Michael Shaw wrote a thoughtful response to my latest Huffington Post item. Seriously, it's a great read and makes a lot of sense.
I stand by my view, though, that it seems like a strange time for the progressive blogotubes to remain neutral. Party unity and loyalty never stopped the blogs from favoring Lamont over Lieberman, or Donna Edwards over Al Wynn. Unity never stopped the blogs from hammering the DLC wing of the party. Unity never stopped the blogs from going after otherwise decent Democrats who supported the wrong side of FISA, Bankruptcy, Iran, Iraq, Military Commissions, etc.
So why now?
We're all going to hug and make-up once there's a presumptive nominee anyway. That's the way it always works. Four years ago, Howard Dean supporters shifted their enthusiasm over to Senator Kerry. In 1992, I published articles in favor of Paul Tsongas but when President Clinton became the presumptive nominee, I switched my support and ended up a feverish defender of all things Clinton for eight years. And I suspect the same thing will happen this year if Senator Obama drops out. Vice versa for supporters of Senator Clinton.
Even the primary process itself is designed to behave like shifting sands. Superdelegates, for example, are out there endorsing candidates all over the place -- but when there's eventually a presumptive nominee, the superdelegates will flip over and support that nominee with whole-hearted enthusiasm and zeal.

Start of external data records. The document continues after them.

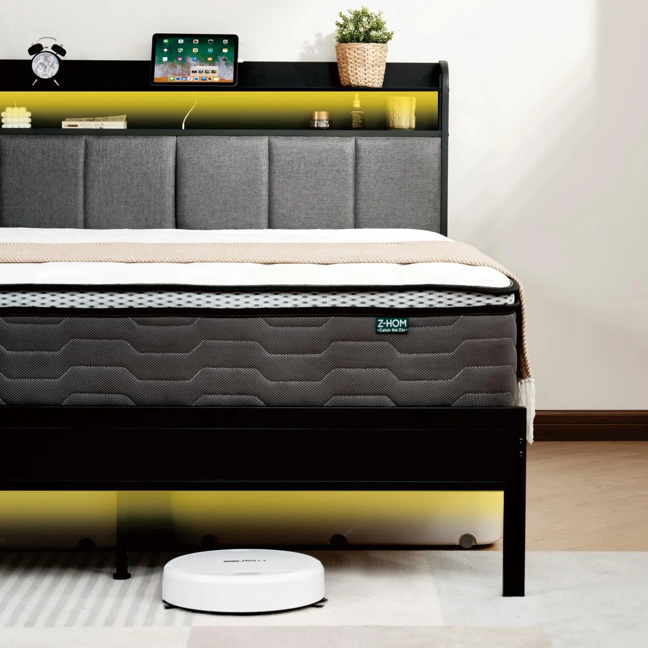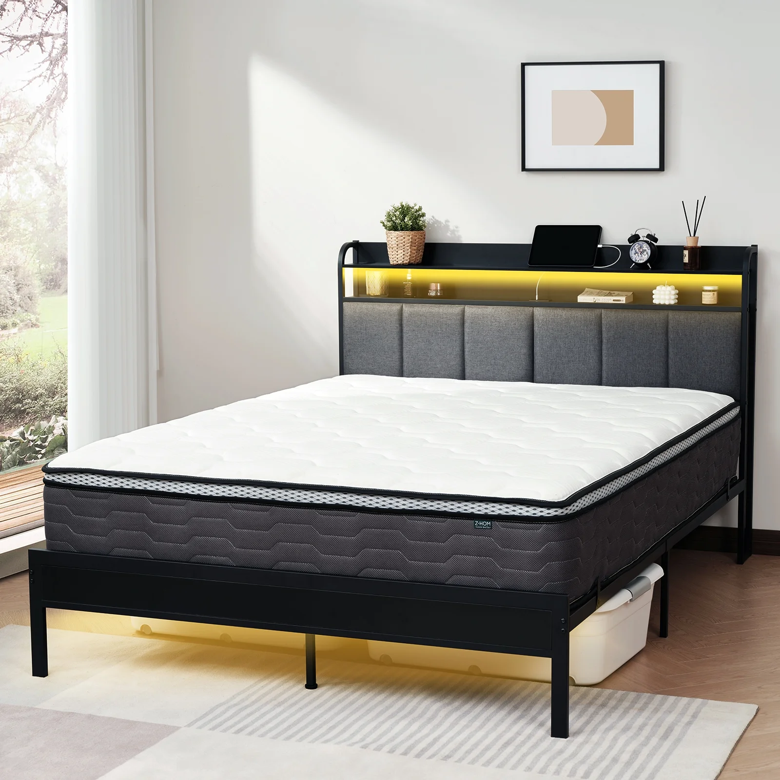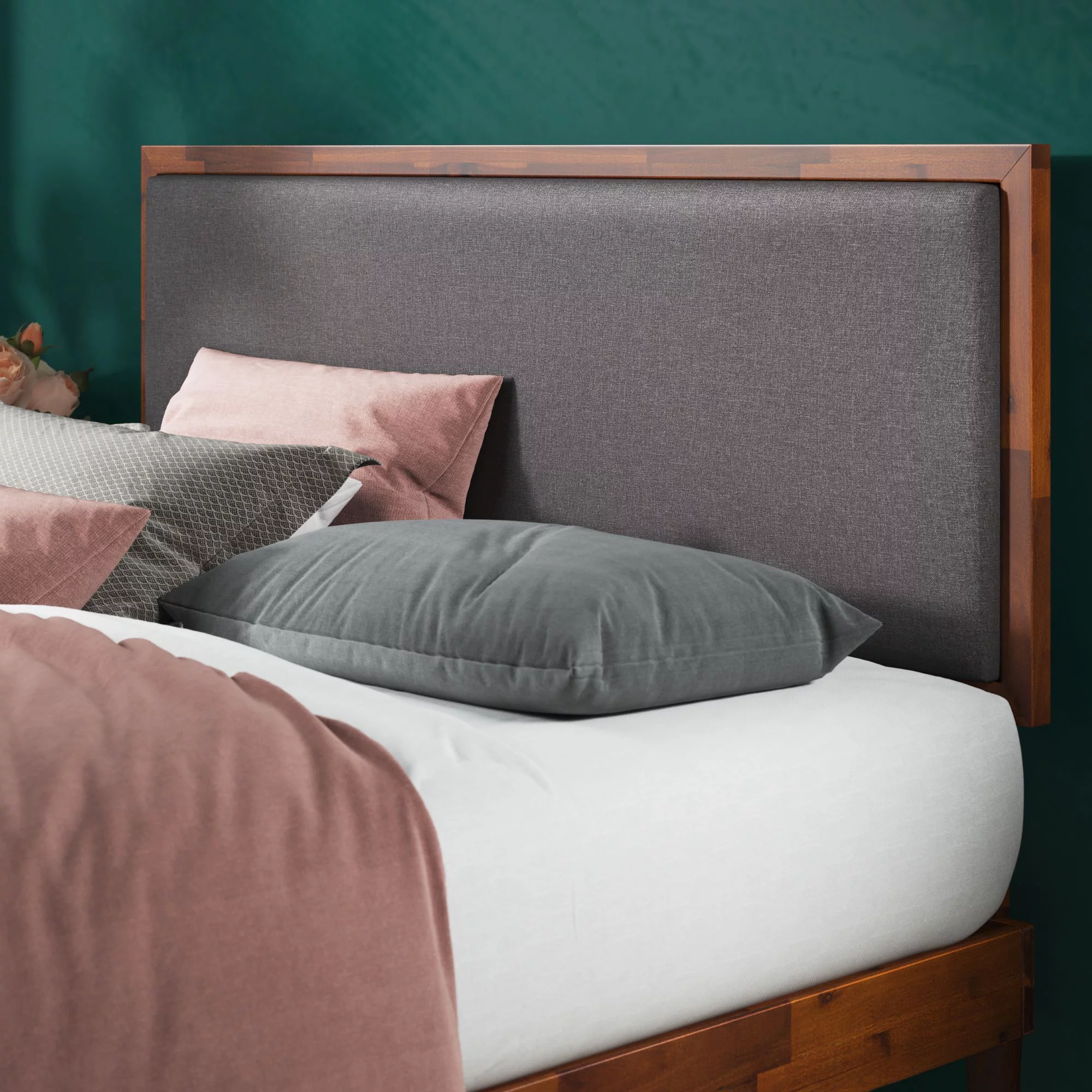 Zinus Raymond 38" Wood Platform Bed Frame with Adjustable Upholstered Headboard, Queen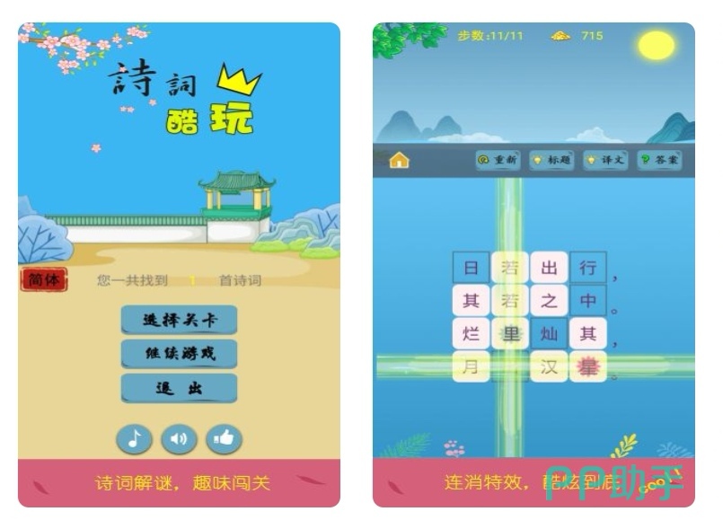 题目的设计和构思都非常的巧妙,整体操作简单容易,涉及400多名篇佳作,为的就是激发大家对诗词兴趣,在遇到难题的情况下可以根据提示去完成。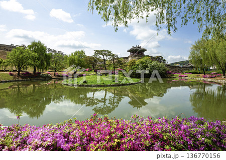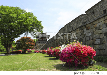 Spring scenery of Suwon Hwaseong Fortress, Suwon-si, South Korea.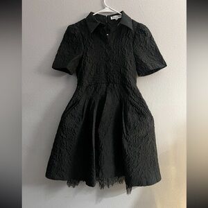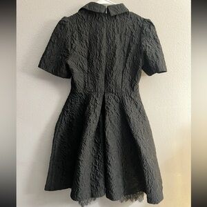 Chic black midi dress with textured fabric. Features short sleeves and a collared neckline. Perfect for elegant occasions.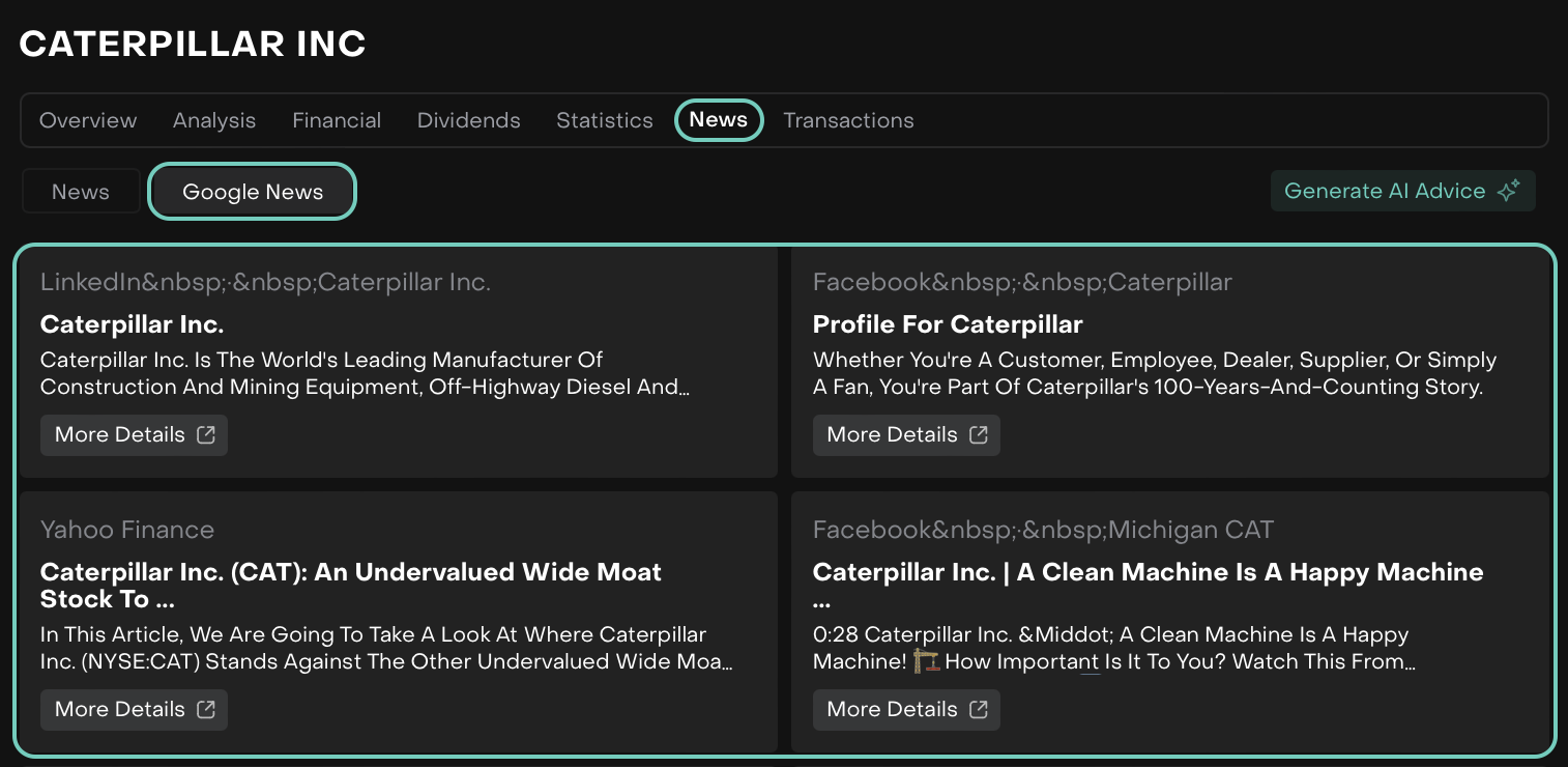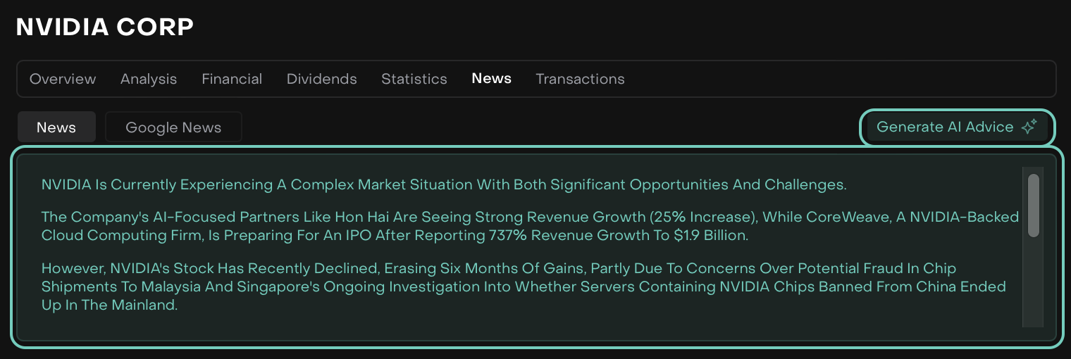 Example Use Case: "A portfolio manager is tracking Tesla's stock. Using the News tab, they see the latest updates on regulatory changes affecting the EV industry. Then, they check the AI Recommendation/Advice, which suggests adjusting the position based on recent performance trends. This integrated approach helps them make a well-informed decision."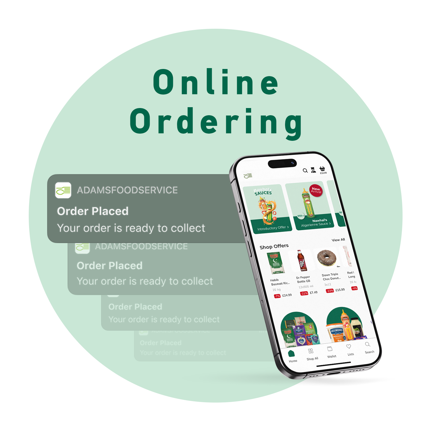 Easy Online Ordering – order on-the-go, any time of day with the Adams FoodService App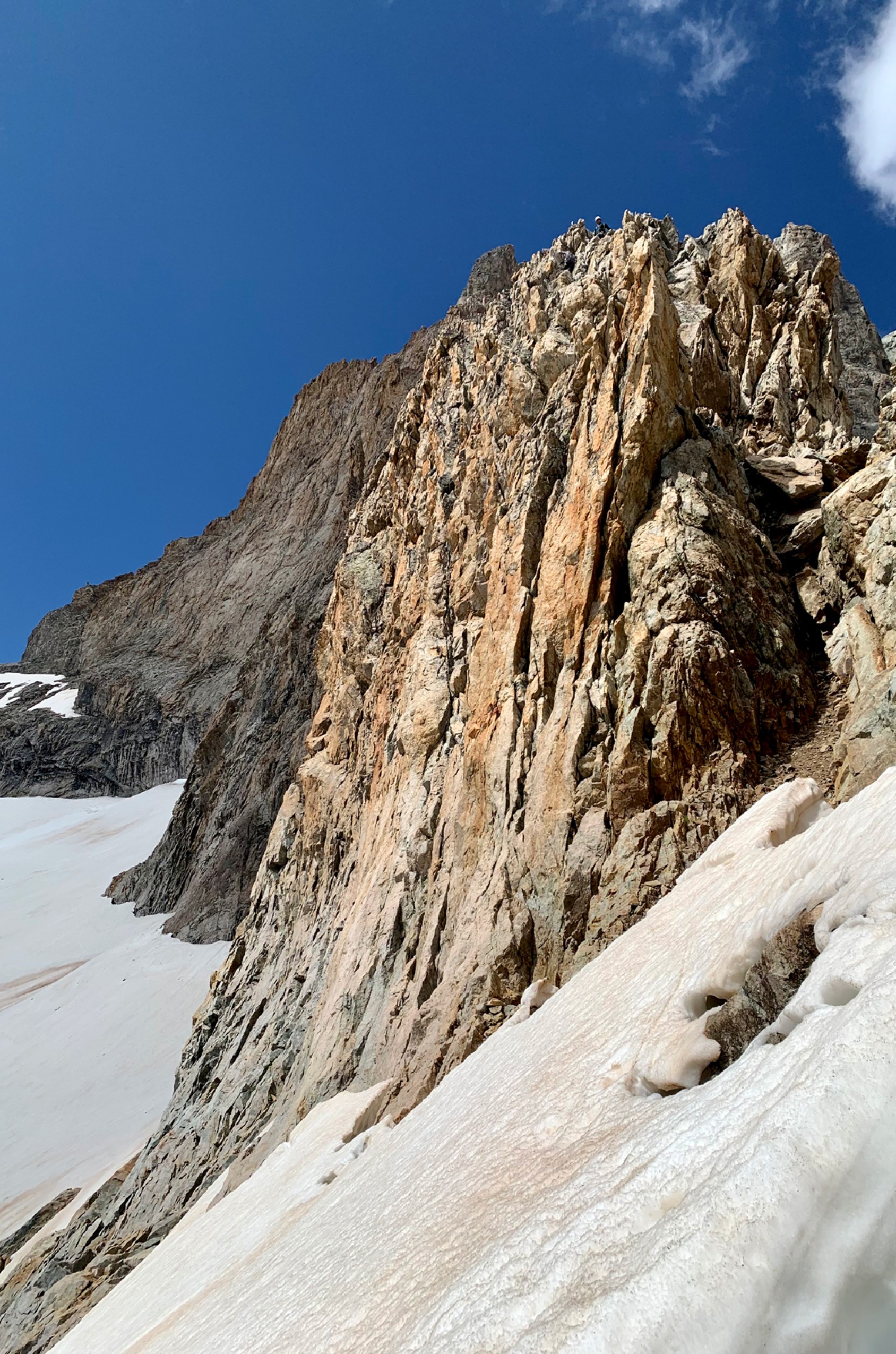 Prochaine épreuve : le Mur Castelnau, la plus dure partie de l’ascension, selon les avertissements de Mathieu. Cette immense dalle verticale sera l’occasion de me servir de toutes les ruses apprises à Fontainebleau, sans droit à l’erreur. Un pas après l’autre, c’est moins dur que ça a l’air. Au fil de l’ascension, d’autres personnages mythiques nous donnent des gages : l’Âne nous fait passer sur son Dos, les Autrichiens nous accordent la faveur de traverser leur Dalle. Le Chat fait un Pas vers nous et nous avise à préparer les crampons pour la rencontre avec le Glacier Carré. Suspendu aux parois de granite à 45º, ce glacier chenu et rabougri nous emmène gentiment jusqu’à la base du Grand Pic. Il nous reste encore 333 m précis de dénivelé jusqu’en haut. Rien du tout. Je me vois déjà au sommet.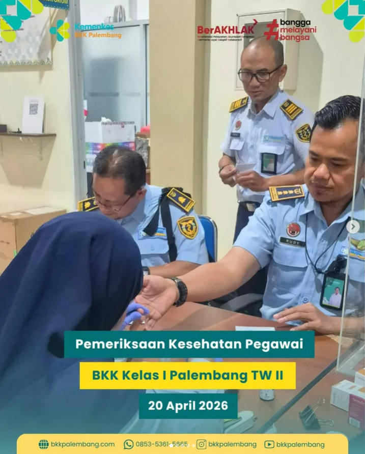 Senin, 20 April 2026, pegawai BKK Kelas I Palembang melaksanakan pemeriksaan kesehatan dalam rangka Pengukuran Kebugaran Triwulan II yang bertempat di Kantor Induk BKK Kelas I Palembang.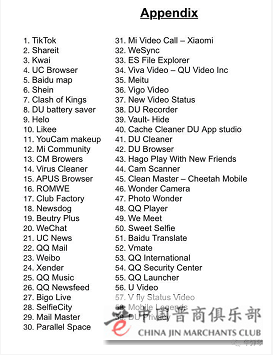 看了一下清单,好家伙,其中,包括抖音、微信、微博,也包括QQ、美图、王者荣耀……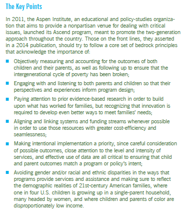 Organizations across the country are beginning to see the wisdom of taking a two-generation approach. Many are members of the Aspen Institute’s growing Ascend Network (see sidebar), which serves as a hub for breakthrough ideas and collaborations that move children and their parents toward educational success and economic security.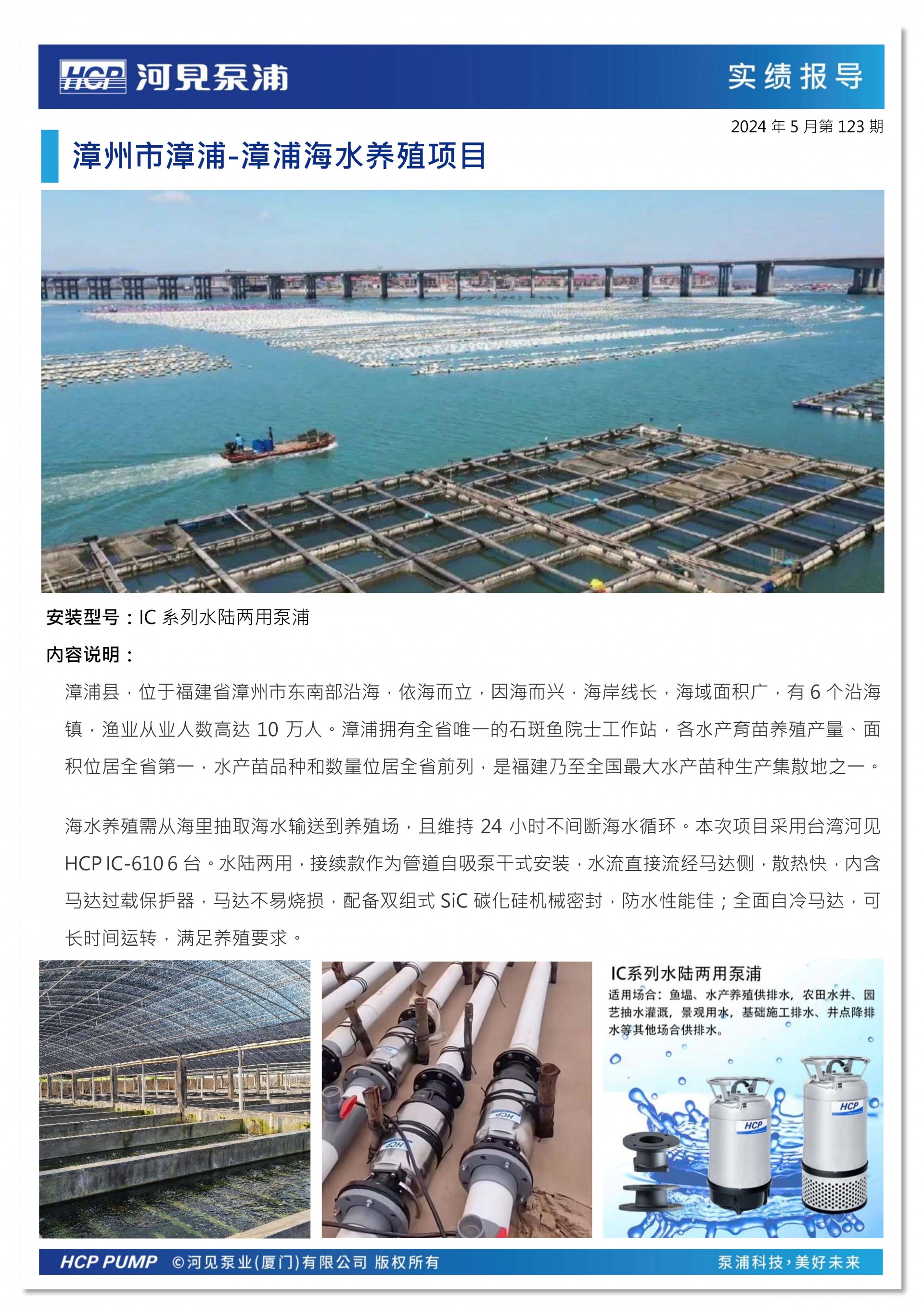 海水养殖需从海里抽取海水输送到养殖场,且维持24小时不间断海水循环。本次项目采用台湾河见HCP IC-610 6台。水陆两用,接续款作为管道自吸泵干式安装,水流直接流经马达侧,散热快,内含马达过载保护器,马达不易烧损,配备双组式SiC碳化硅机械密封,防水性能佳;全面自冷马达,可长时间运转,满足养殖要求。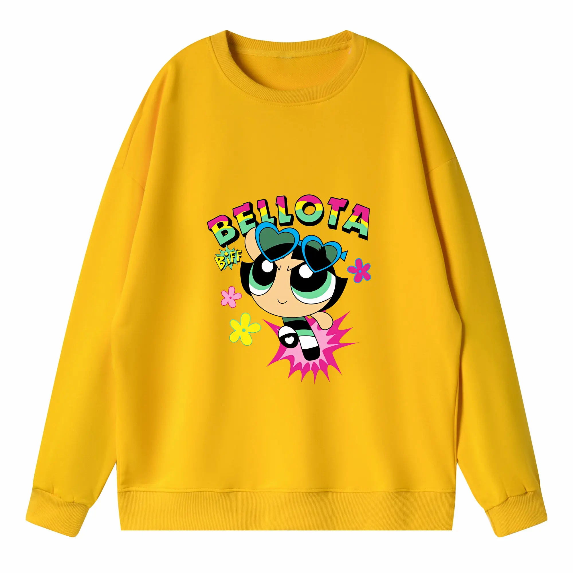 パワパフガールズ グッズ バターカップ - 高品質 クルーネック スウェット ・ コットン59% ポリエステル41% ・ ユニセックス 長袖 トレーナー ・ カジュアル デイリー スポーツ 散歩用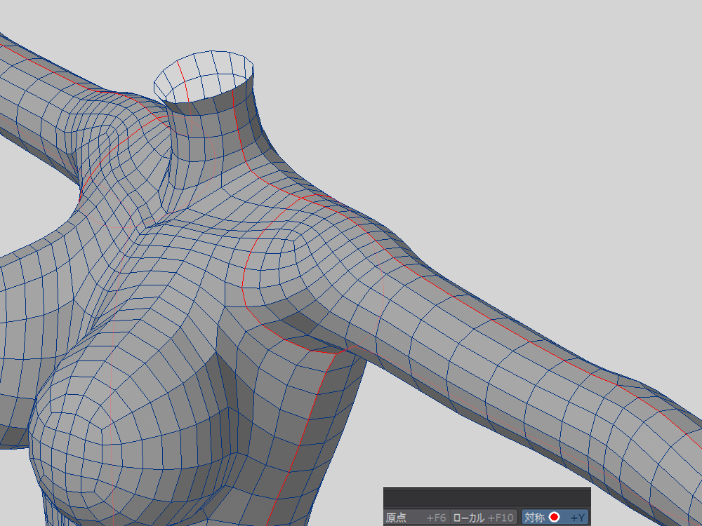 なので、対称モードをオンにしてひたすらエッジを選択します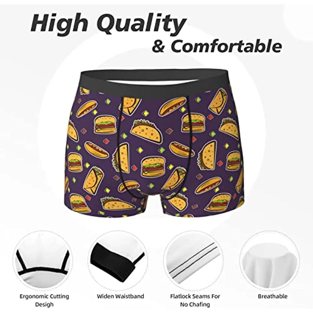 Taco Print Men Underwear Boxer Briefs Regular Sport Mens Boxer Briefs Underwear Men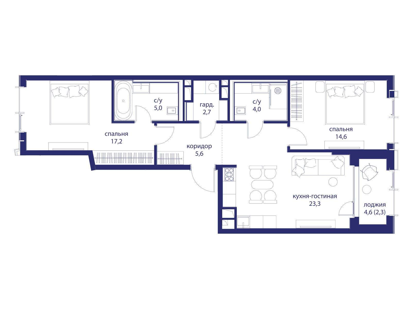 Продаётся 2-комнатная квартира от застройщика: общая площадь 74.70 м, жилая 31.80 м, кухня 23.30 м, 9-й этаж, жилой квартал «Событие-6», корпус 1 (секция 3) Срок сдачи: 4 квартал 2029 года.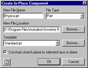 Сразу после вызова команды появляется диалоговое окно (рис. 4). В этом окне мы должны указать системе имя файла будущей детали. Действительно, после того, как мы завершим проектирования новой детали, ее изображение останется в файле сборки. Но кроме этого, для нее будет создан специальный файл, в котором данная деталь будет храниться индивидуально. В этом файле будут отслеживаться все изменения, которым мы, возможно, будем ее подвергать.

That's the system even though it's a screwy one.
(On the delegate tip, by the way, a brokered convention is never going to happen. We'll have a presumptive nominee long before then. It would be party suicide -- on either side of this thing. The party, quite simply, won't allow it.)
So that's all I have to say about that. My support for Senator Obama notwithstanding, if Senator Clinton wins the nomination, we'll have to reconcile her Iraq votes, her posture on censorship, her suspicious campaign tactics, and all the rest. But we've done it before and we'll do it again.